Anatomy of the Brain

  • The brain is the body’s control center
  • The brain sends and receives messages, allowing for ongoing communication

Mapping the Brain

  • Cerebrum- the largest part of the brain
    • associated with higher level thinking, including control of voluntary behavior.
    • The cerebrum divided into 2 hemispheres: the left hemisphere & right hemisphere
    • Left and Right hemispheres are connected by a bundle of fibers called the Corpus Callosum
  • Cerebral cortex/gray matter: a sheet of tissue covering outermost layer of cerebrum
  • ⅔ of Cerebral Cortex is folded into grooves to increase surface area for more neurons but not to grow big to break skull
  • 4 main lobes:
    • The Frontal Lobe is responsible for
    • starting & overseeing motor movements,
    • higher cognitive skills (problem solving, thinking, planning, etc.)
    • aspects of personality, and emotional makeup.
    • The Parietal Lobe is responsible for
    • sensory processes (smell, touch, taste)
    • attention
    • language
    • The Occipital Lobe is responsible for
    • processing visual information
    • recognizing shapes & colors
    • The Temporal Lobe is responsible for
    • processing auditory information
    • combining information from other senses.
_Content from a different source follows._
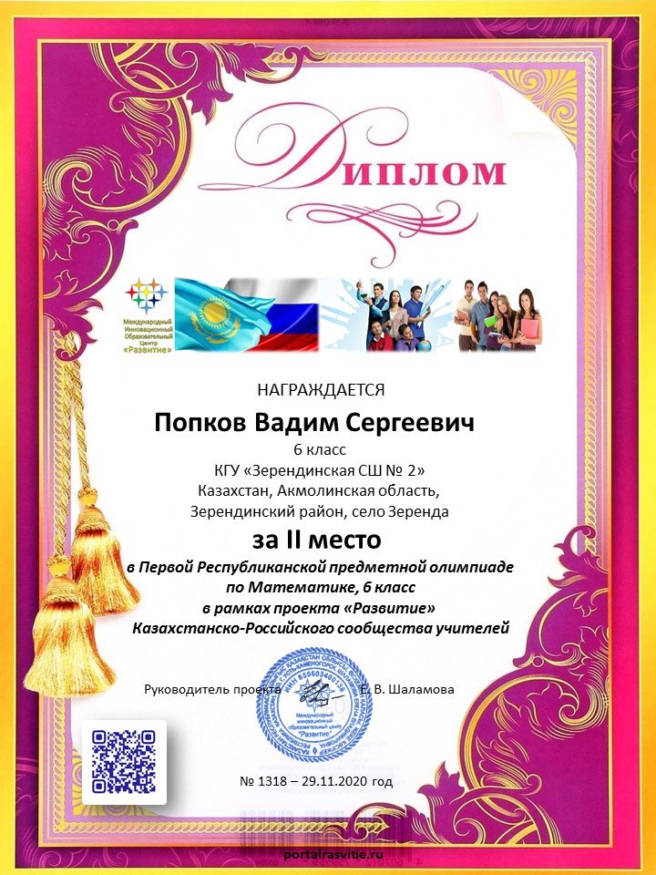 Поздравляем Ермуканова Асета и Попкова Вадима учеников 6 класса, занявших 3 и 2 место в Первой Республиканской олимпиаде по математике в рамках проекта "Развитие"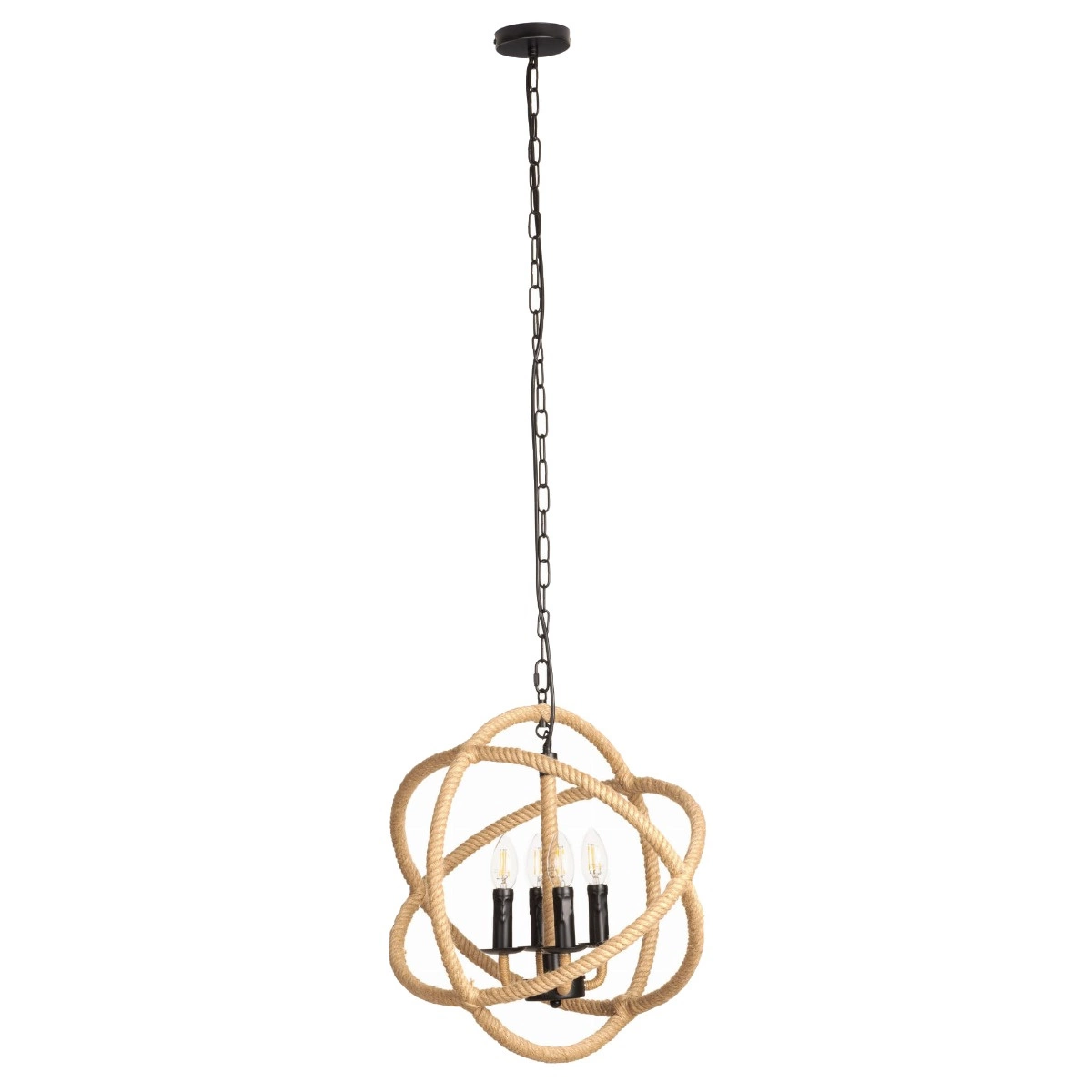 Závěsná lampa Boho eko styl se vztahuje k přírodě. Jeho otevřená forma tvořená dvěma propletenými kruhy usnadňuje průnik světla a vyplňuje interiér. Jutová šňůra v kombinaci s černými detaily se bude krásně vyjímat v místnostech, kde převládá šedá barva, keramika a dřevo. Kovové stínidlo poskytuje stabilní formu pro jutový cop, který je originální, ale jednoduchou kompozicí. Celek doplňuje kabel zavěšený na černém řetízku, který lampě dodává lehce syrovou a loftovou atmosféru Lampa ve stylu BOHO se čtyřmi svítícími body, zavěšené ve středové poloze, budou poutavou dekorací. Hodí se také do komerčních prostor, jako je bar nebo atmosférická restaurace, a je vynikajícím doplňkem moderních nebo minimalistických interiérů, kterým dodá šarm a jinou tvář.

    • possibly having a role in short-term memory through the hippocampal formation
    • possibly having a role in learned emotional responses through the amygdala
  • The cerebral cortex and all four lobes are in the forebrain.
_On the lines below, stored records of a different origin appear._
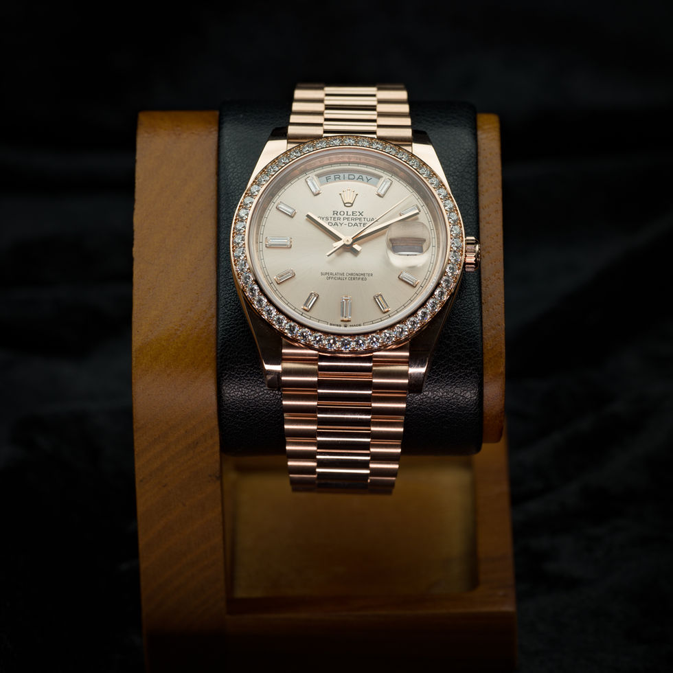 Rolex Day-Date 40 228345RBR – Sundust Dial, Baguette Diamond Markers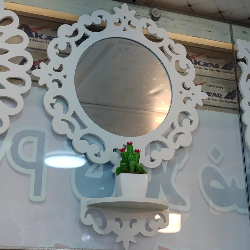 پنجمین طرح از آینه شلف های سایز کوچک طرح نیلوفر با طرحی شلوغ و پر از نقش نگار مناسب برای انواع سلیقه ها و انواع دکوراسیون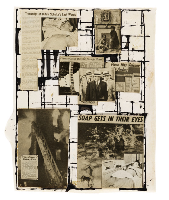 Gelatin-silver prints, newspaper, typewriter, and ink on paper
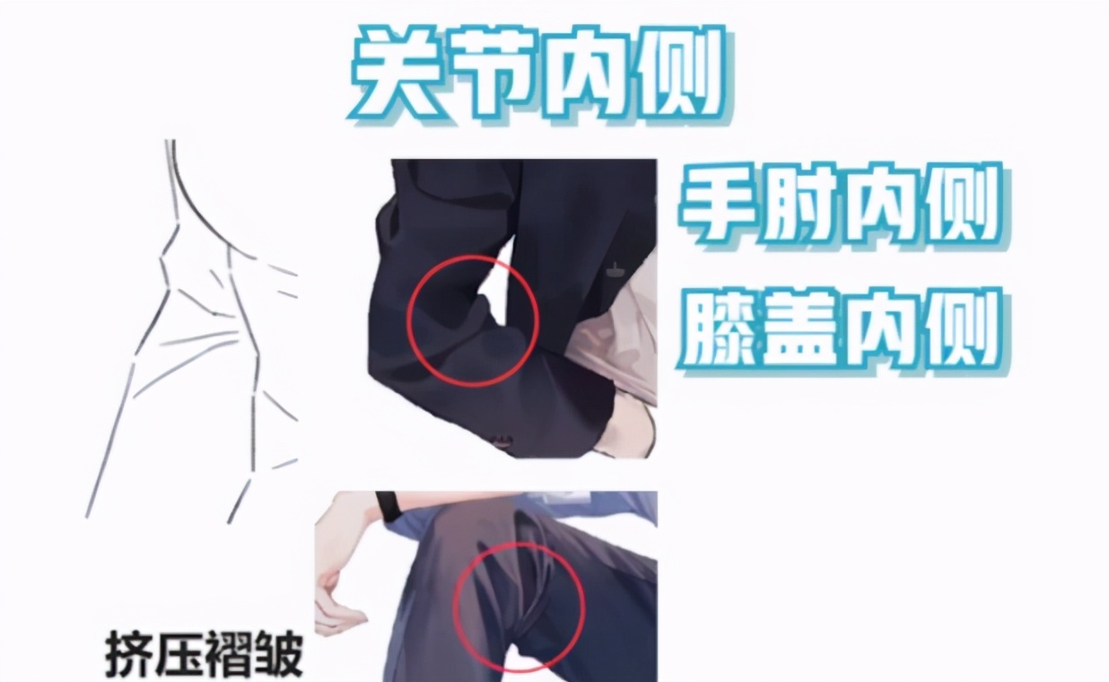 比较靠近关节内侧的褶皱会比较密集而远离我们关节内侧褶皱就会越来越松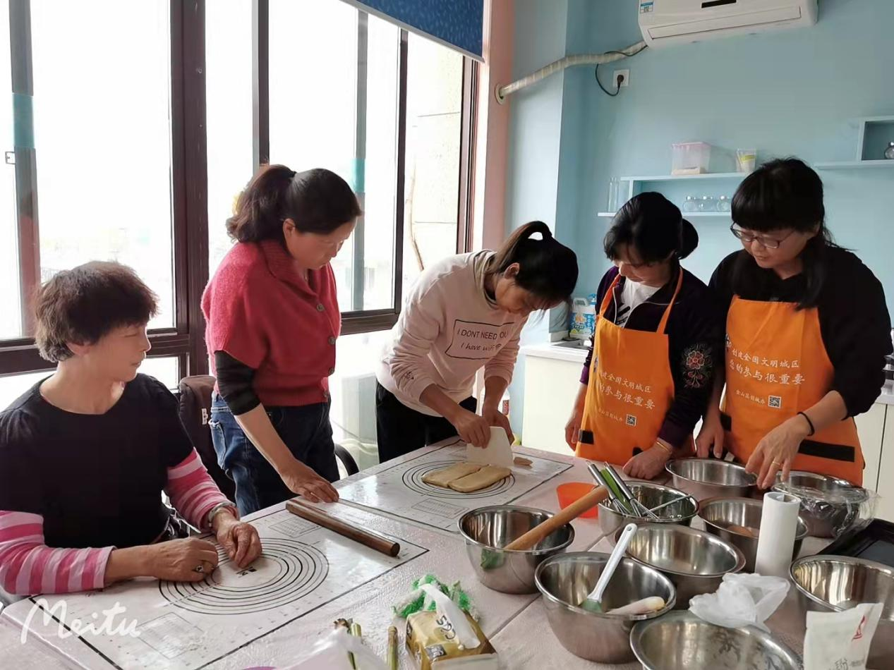 金韵烘焙队是辖区居民热爱的一个团队,烘焙老师是辖区的一个热爱烘焙的居民,每次上课都精心准备不一样的课程带给大家,她很愿意带领大家一起学习和进步。在这个“神奇”的烘焙室,大家围坐一起,做着烘焙、聊着天,寻找着快乐的回忆……烘焙给大家带来了很多乐趣,当大家投入到一堆工具和食材之中,细心地挑选、称量、过筛、搅拌、混合、烘烤,在这段时间里,大家的身心都会完完全全的融入其中。每一个成品出炉时大家都会相互品尝纷纷表示很有成就感。居民们在“烘焙班”里培养了兴趣,也认识了很多同性志趣相投的朋友,在烘焙室里展示和享用自己的成品,形成了良性循环。同时大家也会将在烘焙中学习到的成品分享给家人好友,向周边的人宣传烘焙的乐趣,烘焙能提升居民的幸福感。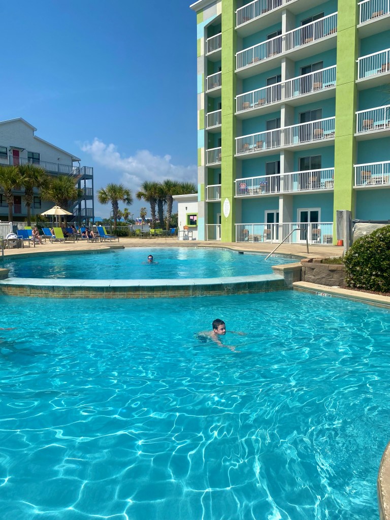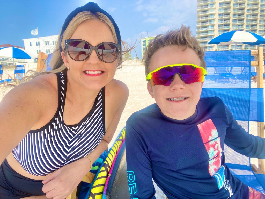 This is our most recent beach vacation, and even though we’ve been traveling to Orange Beach for over twelve years now, we still enjoy each and every visit! This is one of those places that has beautiful white sands, emerald waters, delicious food, and isn’t very crowded if you plan your trip out right! The past two visits to Orange Beach have been in March and April and the crowds were basically non-existent. It looks a little different during those peak summer months, though. We love Orange Beach because we keep it super low-key and chill. You can find us hanging out at the beach, boogie boarding on the waves, warming up in the hot tub, and trying new seafood restaurants each evening. The boys love that we start each day with no major plans!

    • Other forebrain parts include the basal ganglia, hypothalamus, and thalamus
    • Thalamus: passes most sensory information onto cerebral cortex after helping to prioritize that information
    • Hypothalamus: the control center for appetites, defensive + reproductive behaviors, and the circadian rhythm
  • Cerebral nucleus: a cluster of neurons in the CNS (central nervous system)
    • Cerebral nuclei help coordinate muscle movements and reward useful behaviors.
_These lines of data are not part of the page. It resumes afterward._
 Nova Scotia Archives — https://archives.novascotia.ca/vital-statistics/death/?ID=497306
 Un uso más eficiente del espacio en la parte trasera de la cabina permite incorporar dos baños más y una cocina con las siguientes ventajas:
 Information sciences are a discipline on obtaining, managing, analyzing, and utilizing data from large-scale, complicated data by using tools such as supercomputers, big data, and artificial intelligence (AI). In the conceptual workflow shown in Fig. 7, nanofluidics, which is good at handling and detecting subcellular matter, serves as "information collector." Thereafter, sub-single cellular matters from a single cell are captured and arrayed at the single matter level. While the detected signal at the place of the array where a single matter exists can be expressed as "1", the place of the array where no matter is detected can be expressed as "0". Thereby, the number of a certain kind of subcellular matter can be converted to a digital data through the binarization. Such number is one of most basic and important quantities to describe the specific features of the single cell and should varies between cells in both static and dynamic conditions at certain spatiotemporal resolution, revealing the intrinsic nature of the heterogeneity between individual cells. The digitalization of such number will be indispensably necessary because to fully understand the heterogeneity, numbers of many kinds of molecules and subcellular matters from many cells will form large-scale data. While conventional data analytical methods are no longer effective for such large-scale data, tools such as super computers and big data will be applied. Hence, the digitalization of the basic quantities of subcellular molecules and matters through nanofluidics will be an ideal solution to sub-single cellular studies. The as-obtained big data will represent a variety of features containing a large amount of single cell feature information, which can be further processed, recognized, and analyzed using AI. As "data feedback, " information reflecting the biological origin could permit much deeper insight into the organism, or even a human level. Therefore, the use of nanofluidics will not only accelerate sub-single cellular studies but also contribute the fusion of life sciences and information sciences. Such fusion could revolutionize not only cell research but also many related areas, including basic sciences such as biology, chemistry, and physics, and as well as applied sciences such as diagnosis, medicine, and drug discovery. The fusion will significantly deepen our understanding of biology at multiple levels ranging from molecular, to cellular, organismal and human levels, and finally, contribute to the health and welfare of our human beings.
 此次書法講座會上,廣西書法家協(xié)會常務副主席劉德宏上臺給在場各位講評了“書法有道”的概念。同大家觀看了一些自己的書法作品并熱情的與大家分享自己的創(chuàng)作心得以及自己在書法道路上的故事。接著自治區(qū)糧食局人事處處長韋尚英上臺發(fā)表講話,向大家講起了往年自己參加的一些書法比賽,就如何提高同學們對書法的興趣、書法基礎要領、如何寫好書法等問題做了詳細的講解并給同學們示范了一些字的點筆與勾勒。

  • The midbrain consists of two pairs of small hills called Colliculi.
    • Colliculus: a small bump, especially one of two pairs in the roof of the midbrain, involved respectively in vision and hearing.
    • The colliculi play a critical role in visual & auditory reflexes and in relaying this type of information to the thalamus.
    • The midbrain also has clusters of neurons that regulate activity in widespread parts of the Central Nervous System(CNS)
    • These are thought to be important for reward mechanisms and mood
  • The hindbrain includes the pons and the medulla oblongata, and the cerebellum
    • Pons and Medulla Oblongata control respiration, heart rhythms, and blood glucose levels
    • Cerebellum has two hemispheres that control the precise timing of movement and cognitive processes
    • also plays an important role in Pavlovian Learning
      • Pavlovian Learning: a learning procedure in which a biologically potent stimulus (e.g. food) is paired with a previously neutral stimulus (e.g. a bell).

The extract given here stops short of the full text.